Task objective: All pictures are to be excluded when the data below is output verbatim.

Dataset records:
=======

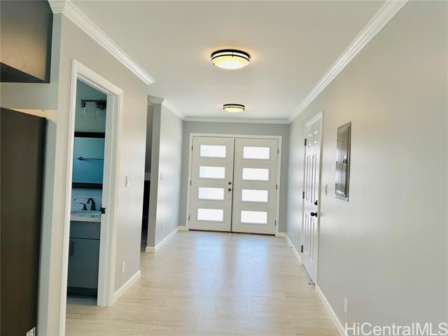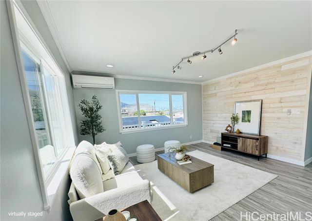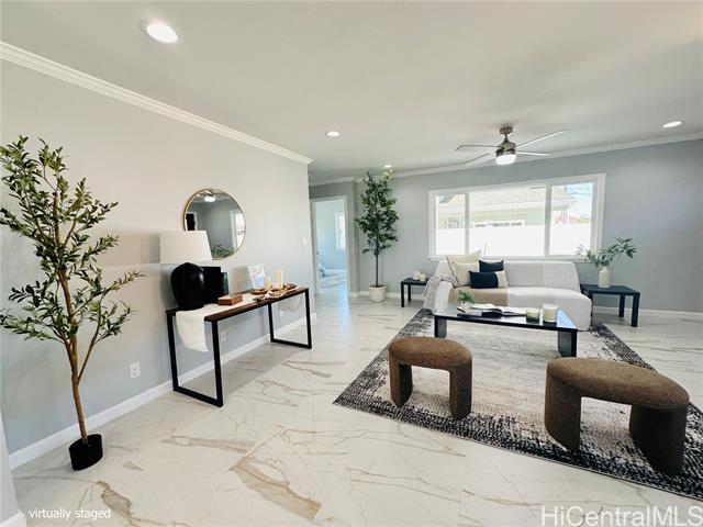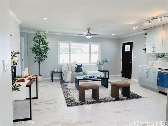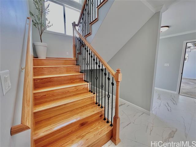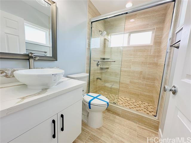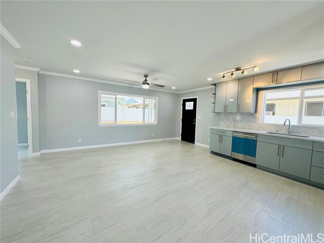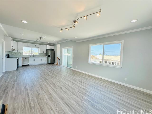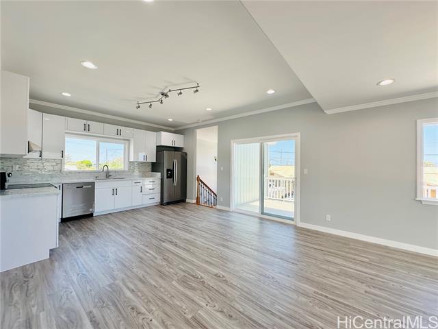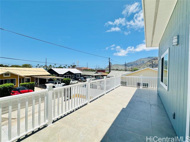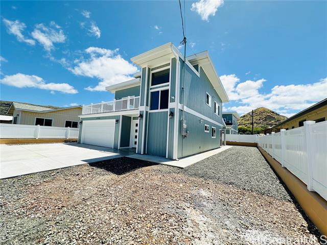 - Stunning brand new constructed and beautifully designed contemporary 2-story home featuring 5 bedrooms, 4 bathrooms & 2-car garage with quality materials and finishes. Highlights include porcelain tiles, luxury vinyl plank flooring, recess lights, beautiful kitchen cabinetry & countertops, split AC, and more. This property offers a flexible floor plan, great for extended family living. Upper level: 3/2 with full kitchen, dining, living room, and a spacious open lanai for unwinding after a long day. Lower level: 2/2 with wetbar, family room, and a covered patio perfect for the backyard BBQ and entertaining. The open-concept kitchen flows effortlessly into the dining and living areas, creating the perfect space for family gatherings and lasting memories. Large spacious yard for entertaining or gardening. Fully fenced with a motorized gate for privacy. Conveniently located near shopping, schools, and minutes away from Pokai Bay Beach Park. CPR with no common area or HOA fees. Property tax not yet updated. OPEN HOUSE, Dec. 7, 2pm-5pm.
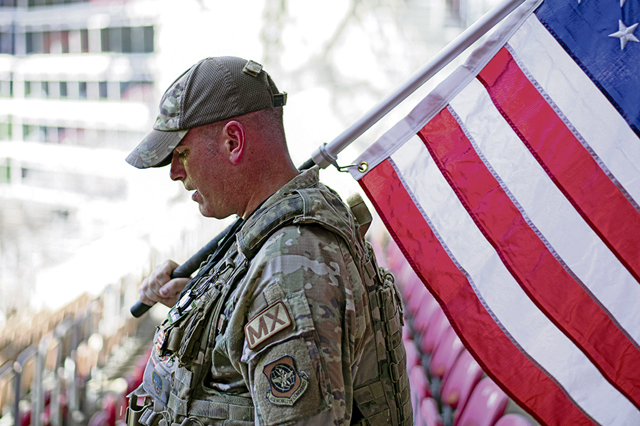 U.S. Air Force Senior Master Sgt. Trevor Derr, 721st Aircraft Maintenance Squadron lead production superintendent, carries an American flag during a memorial ruck march Sep. 11, in honor of the first responders who lost their lives during the terrorist attacks on Sep. 11, 2001. Derr, one of the event’s organizers, joined both Soldiers from U.S. Army Garrison Rheinland-Pfalz and firefighters from Kaiserslautern, Germany’s fire protection service, in attending the ruck march.
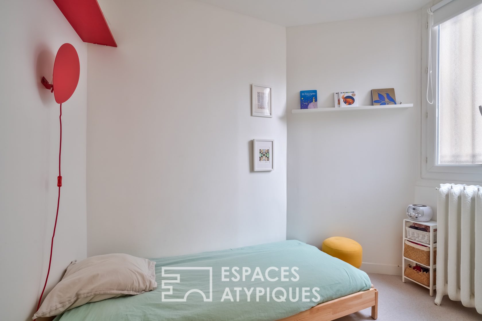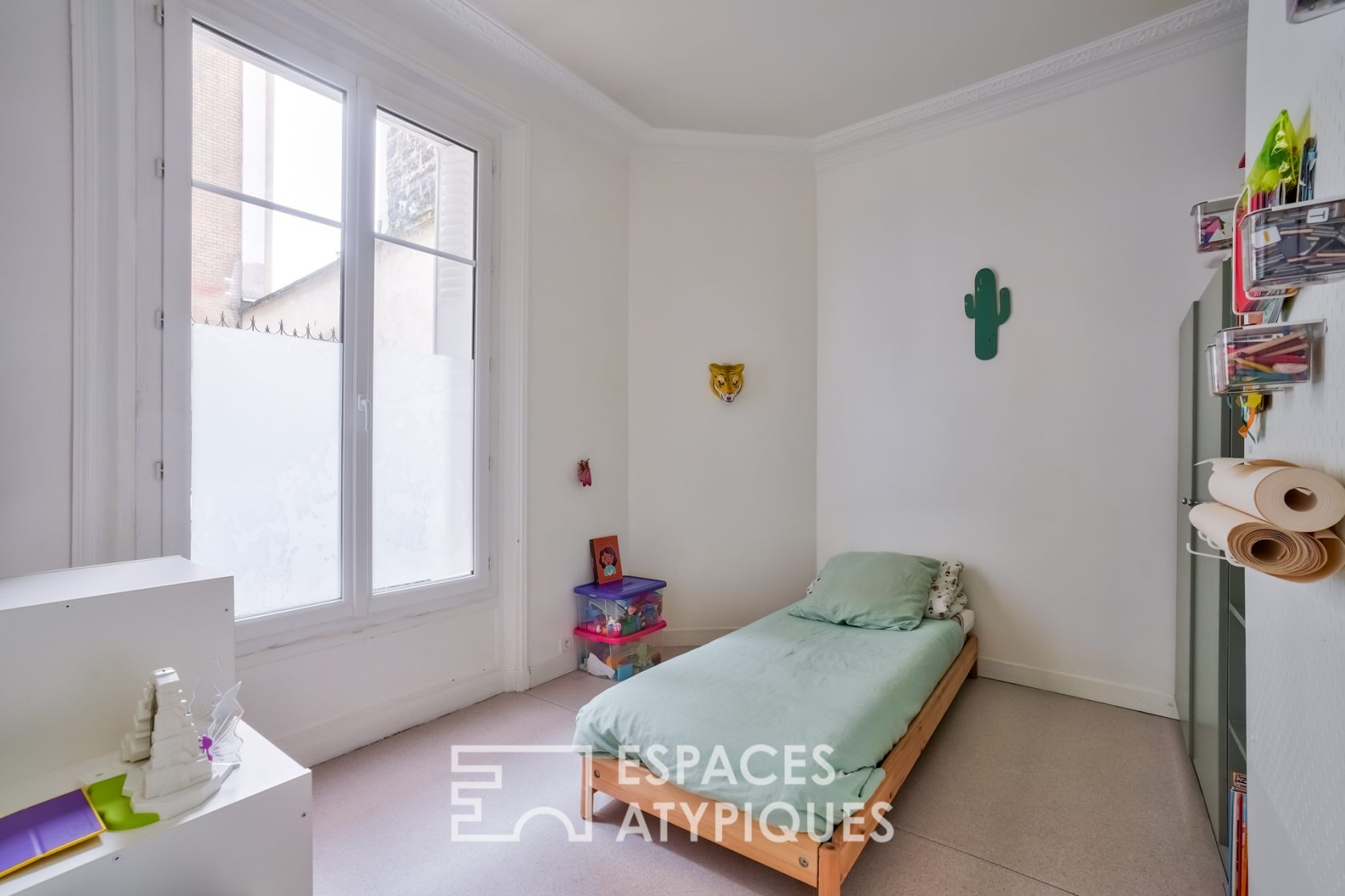 L’espace des enfants, donnant côté cour, est composé de deux chambres qui donnent toutes deux sur une pièce pouvant servir de salle de jeux commune ou bien de bureau. Une grande salle de bains avec baignoire et toilettes se trouve également au sein de cet espace.
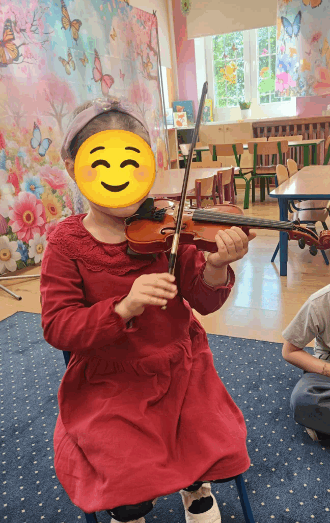 Po powrocie do przedszkola czekała nas kolejna niespodzianka – Zuzia zaprosiła koleżanki i kolegów na mini koncert skrzypcowy!🎻
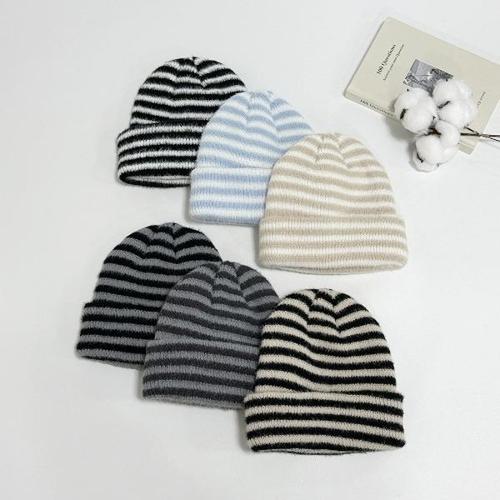 [다잇템][다잇템] 여자 투컬러 폴딩 남자 줄무늬 부클니트 겨울모자 비니_19439683_588872
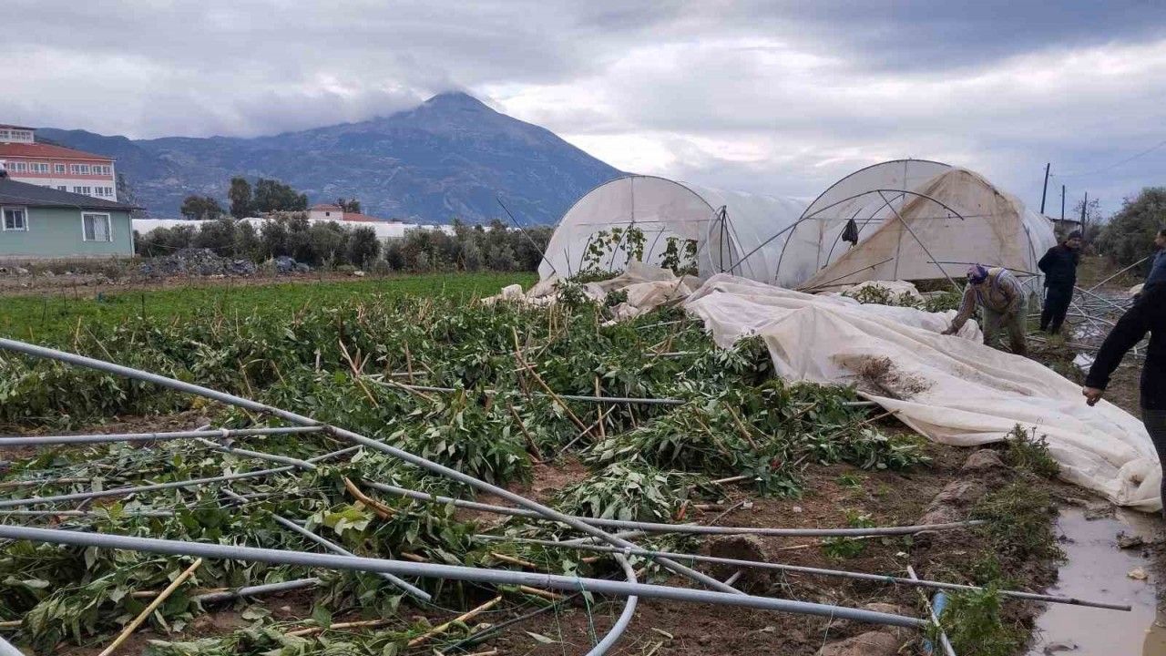 İlçeye bağlı Tekebaşı Mahallesi’nde sabah saatlerinde oluşan hortum salatalık, domates ve biber üretimi yapılan seralara zarar verdi. Şiddetli hortum seraların örtülerini parçalarken zeytin ağaçlarını da kökünden kopardı. Hortum aynı bölgede bulunan bir lisenin çatısına zarar verdi.
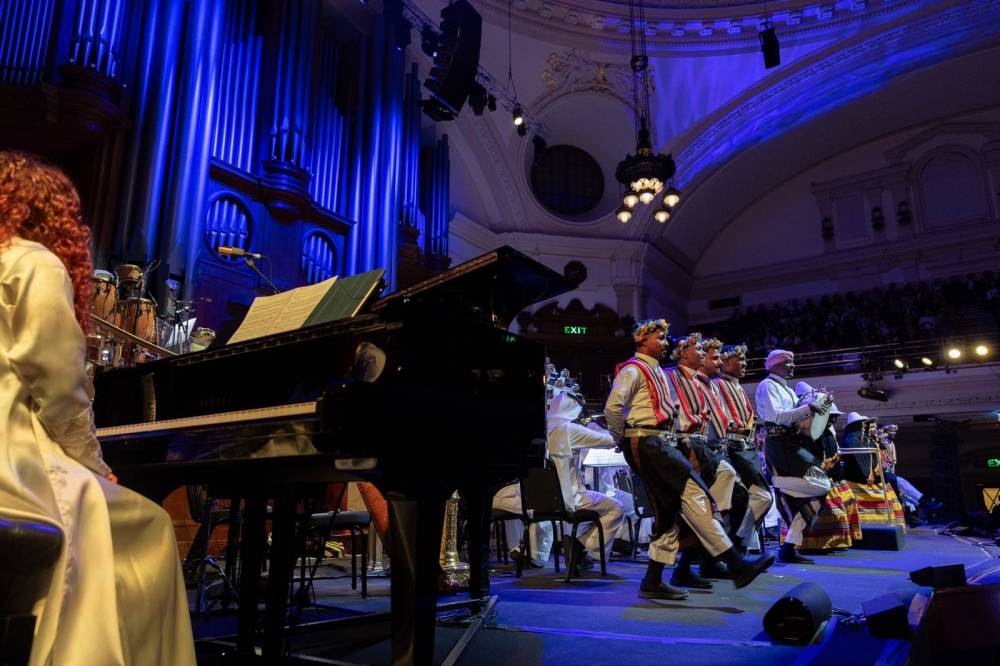 وتجسيداً للإبداعات الشعرية التي قدمها الشاعر الراحل الأمير بدر بن عبدالمحسن -رحمه الله- كانت البداية بتكريم لمشواره الثقافي الكبير الذي قدم من خلاله العديد من الأعمال الشعرية التي أثرت الساحة الثقافية بمكنون شعري مميز ومثرٍ، حيث بدأت فرقة الأوركسترا والكورال الوطني السعودي الحفل بأغنية «أنا من هالأرض»، التي كتبها الأمير الراحل بدر بن عبدالمحسن، وغناها الفنان محمد عبده، ولحنها الفنان الدكتور عبدالرب إدريس. وتعزيزاً لحضور الفنون السعودية على الساحة العالمية، شاركت هيئة المسرح والفنون الأدائية بـ 3 فنون صاحبت أغنيات سعودية شهيرة، جسدت في بعض الأعمال الفنية ونقلها بصورة ثقافية تعكس الموروث الثقافي السعودي، حيث قدم الفن السامري على أنغام وموسيقى «اسمحي لي يا الغرام» للفنان محمد عبده، وشارك الفن الينبعاوي في أغنية «حنا طلبنا الله» المستوحاة من الفن التراثي السعودي، وفن الربش بأغنية «سعوديين». وأنهت الأوركسترا والكورال الوطني السعودي الفقرة الأولى من الحفل بأداء لأغنية «Roling in the Deep» الشهيرة للنجمة البريطانية «أديل» باللون السعودي، كما استفتحت الفقرة التالية بأداء للأوركسترا الملكية الفلهارمونية البريطانية، و“RSVP Voices” بقيادة المايسترو البريطاني بينجامين بوب، ومغنية الأوبرا سارة كونولي، حيث بدأت الفرقة البريطانية فقرتها بأغنية Walton للتاج الإمبراطوري. وبتعاون يمزج موسيقى وثقافة حضارتين، اختتم الحفل بأداء مشترك للأوركسترا السعودية مع الأوركسترا الفلهارمونية الملكية البريطانية بقيادة المايسترو السعودي هاني فرحات، عبر عدد من الأعمال الموسيقية بتأليف محمد عشي، ورامي باصحيح.

=======

Your response:
 - Stunning brand new constructed and beautifully designed contemporary 2-story home featuring 5 bedrooms, 4 bathrooms & 2-car garage with quality materials and finishes. Highlights include porcelain tiles, luxury vinyl plank flooring, recess lights, beautiful kitchen cabinetry & countertops, split AC, and more. This property offers a flexible floor plan, great for extended family living. Upper level: 3/2 with full kitchen, dining, living room, and a spacious open lanai for unwinding after a long day. Lower level: 2/2 with wetbar, family room, and a covered patio perfect for the backyard BBQ and entertaining. The open-concept kitchen flows effortlessly into the dining and living areas, creating the perfect space for family gatherings and lasting memories. Large spacious yard for entertaining or gardening. Fully fenced with a motorized gate for privacy. Conveniently located near shopping, schools, and minutes away from Pokai Bay Beach Park. CPR with no common area or HOA fees. Property tax not yet updated. OPEN HOUSE, Dec. 7, 2pm-5pm.
 U.S. Air Force Senior Master Sgt. Trevor Derr, 721st Aircraft Maintenance Squadron lead production superintendent, carries an American flag during a memorial ruck march Sep. 11, in honor of the first responders who lost their lives during the terrorist attacks on Sep. 11, 2001. Derr, one of the event’s organizers, joined both Soldiers from U.S. Army Garrison Rheinland-Pfalz and firefighters from Kaiserslautern, Germany’s fire protection service, in attending the ruck march.
 L’espace des enfants, donnant côté cour, est composé de deux chambres qui donnent toutes deux sur une pièce pouvant servir de salle de jeux commune ou bien de bureau. Une grande salle de bains avec baignoire et toilettes se trouve également au sein de cet espace.
 Po powrocie do przedszkola czekała nas kolejna niespodzianka – Zuzia zaprosiła koleżanki i kolegów na mini koncert skrzypcowy!🎻
 [다잇템][다잇템] 여자 투컬러 폴딩 남자 줄무늬 부클니트 겨울모자 비니_19439683_588872
 İlçeye bağlı Tekebaşı Mahallesi’nde sabah saatlerinde oluşan hortum salatalık, domates ve biber üretimi yapılan seralara zarar verdi. Şiddetli hortum seraların örtülerini parçalarken zeytin ağaçlarını da kökünden kopardı. Hortum aynı bölgede bulunan bir lisenin çatısına zarar verdi.
 وتجسيداً للإبداعات الشعرية التي قدمها الشاعر الراحل الأمير بدر بن عبدالمحسن -رحمه الله- كانت البداية بتكريم لمشواره الثقافي الكبير الذي قدم من خلاله العديد من الأعمال الشعرية التي أثرت الساحة الثقافية بمكنون شعري مميز ومثرٍ، حيث بدأت فرقة الأوركسترا والكورال الوطني السعودي الحفل بأغنية «أنا من هالأرض»، التي كتبها الأمير الراحل بدر بن عبدالمحسن، وغناها الفنان محمد عبده، ولحنها الفنان الدكتور عبدالرب إدريس. وتعزيزاً لحضور الفنون السعودية على الساحة العالمية، شاركت هيئة المسرح والفنون الأدائية بـ 3 فنون صاحبت أغنيات سعودية شهيرة، جسدت في بعض الأعمال الفنية ونقلها بصورة ثقافية تعكس الموروث الثقافي السعودي، حيث قدم الفن السامري على أنغام وموسيقى «اسمحي لي يا الغرام» للفنان محمد عبده، وشارك الفن الينبعاوي في أغنية «حنا طلبنا الله» المستوحاة من الفن التراثي السعودي، وفن الربش بأغنية «سعوديين». وأنهت الأوركسترا والكورال الوطني السعودي الفقرة الأولى من الحفل بأداء لأغنية «Roling in the Deep» الشهيرة للنجمة البريطانية «أديل» باللون السعودي، كما استفتحت الفقرة التالية بأداء للأوركسترا الملكية الفلهارمونية البريطانية، و“RSVP Voices” بقيادة المايسترو البريطاني بينجامين بوب، ومغنية الأوبرا سارة كونولي، حيث بدأت الفرقة البريطانية فقرتها بأغنية Walton للتاج الإمبراطوري. وبتعاون يمزج موسيقى وثقافة حضارتين، اختتم الحفل بأداء مشترك للأوركسترا السعودية مع الأوركسترا الفلهارمونية الملكية البريطانية بقيادة المايسترو السعودي هاني فرحات، عبر عدد من الأعمال الموسيقية بتأليف محمد عشي، ورامي باصحيح.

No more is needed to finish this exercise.